Strona:PL JI Kraszewski Zemsta Czokołdowa.djvu/409

Z Wikiźródeł, wolnej biblioteki
Ta strona została uwierzytelniona.

— Masz waćpan pozwolenie widzenia się z nim? spytała.
— Ile razy chcę.
— Zaprowadzisz mnie, a sam zostaniesz... ja z nim pomówię.

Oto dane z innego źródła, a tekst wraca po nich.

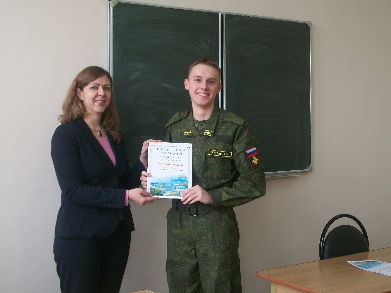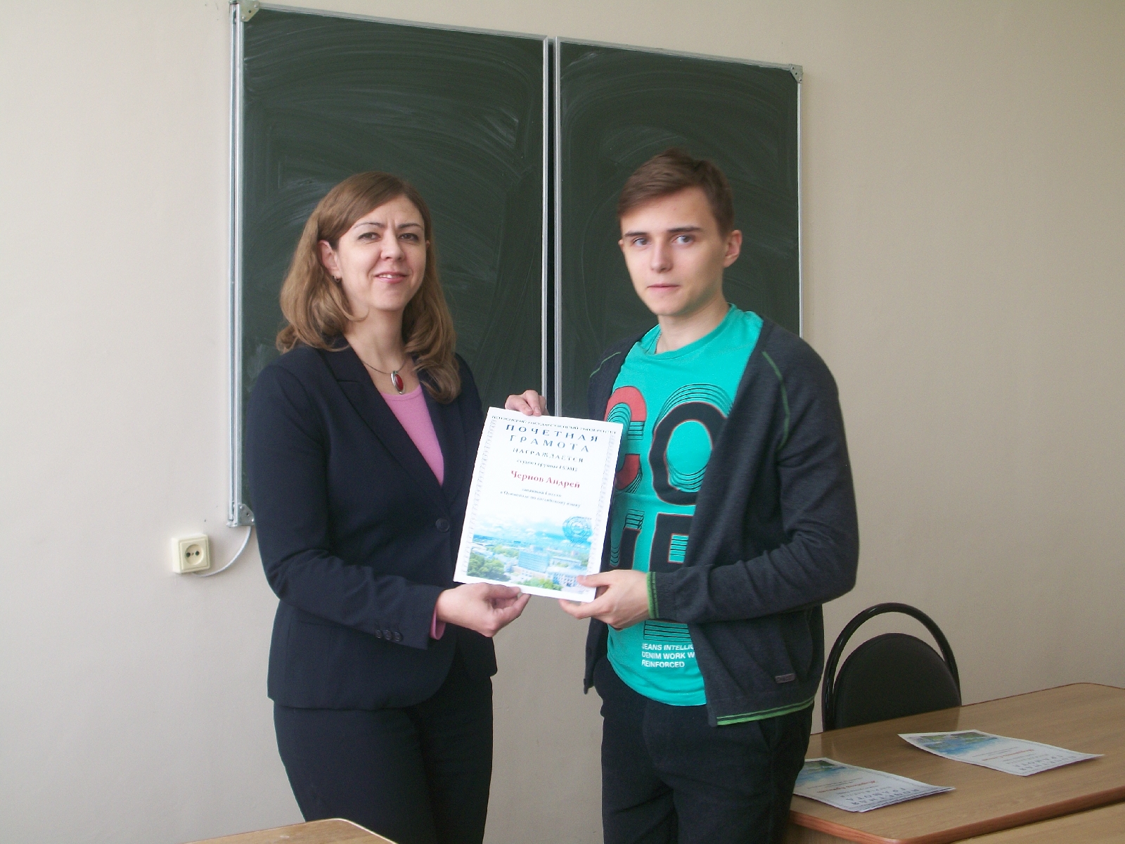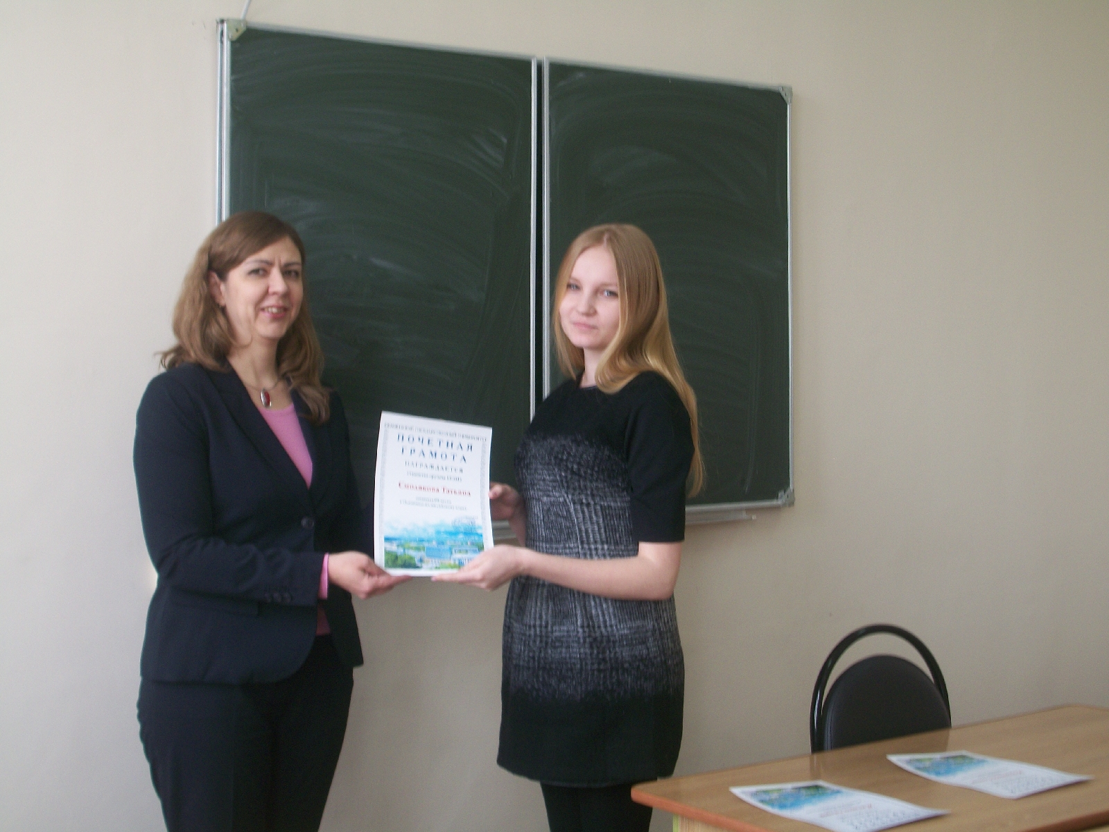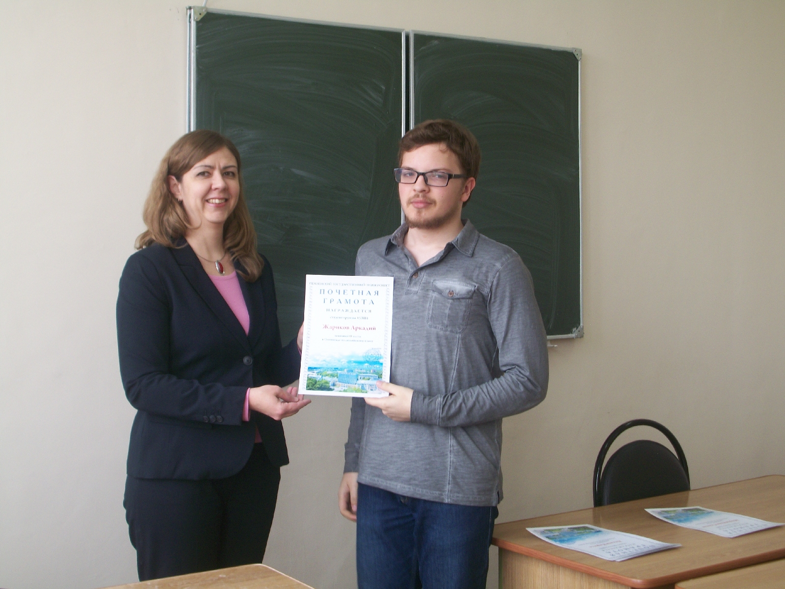 21.03.17 на кафедре «Английский язык» состоялось торжественное вручение грамот победителям ежегодной олимпиады по английскому языку. На вручении присутствовали организаторы мероприятия доцент, к.п.н. Миханова О.П., старший преподаватель Юрасова О.Н. и заведующая кафедрой «Английский язык» д.ф.н., доцент Дубровская Т.В. Татьяна Викторовна поблагодарила студентов за отличную работу и проявленный интерес к олимпиаде. Она поздравила победителей олимпиады с отличными результатами и пожелала им дальнейших успехов в изучении английского языка и в других сферах студенческой деятельности.

— Pani? rzekł zdziwiony stolnik.
— Tak, ja; powiesz, że baba najpewniéj sobie rady nie da. No! spróbujemy, zobaczymy. Ja po obiedzie pojadę.... ale o tém nikomu ani słowa.
Cieszym zamilkł.
W popołudniowéj godzinie, chodził po izbie więziennéj Czokołd, przemyślając może o ucieczce z niéj, bo po cichu ściany i sąsiednie drzwi badał, gdy koło drzwi klucz chodzić zaczął, otwarły się szeroko, z razu nikogo nie dostrzegł, potém czarny kwef i starościnę. Tego zjawiska nigdy się w życiu nie spodziewał. Stanął też osłupiały z razu, wstrząśnięty, zdziwiony. Za starościną powoli zamknęły się drzwi, jak widmo wstrzymała się w progu, kwef z wolne białą ręką podniosła i ukazała mu znaną dobrze twarz bladą, zmęczoną, cierpiącą a dumną, i owe oczy czarne, co duszę wypaliły.... Wzruszenie Czokołda odbiło się na kobiecie, wargi jéj drżały.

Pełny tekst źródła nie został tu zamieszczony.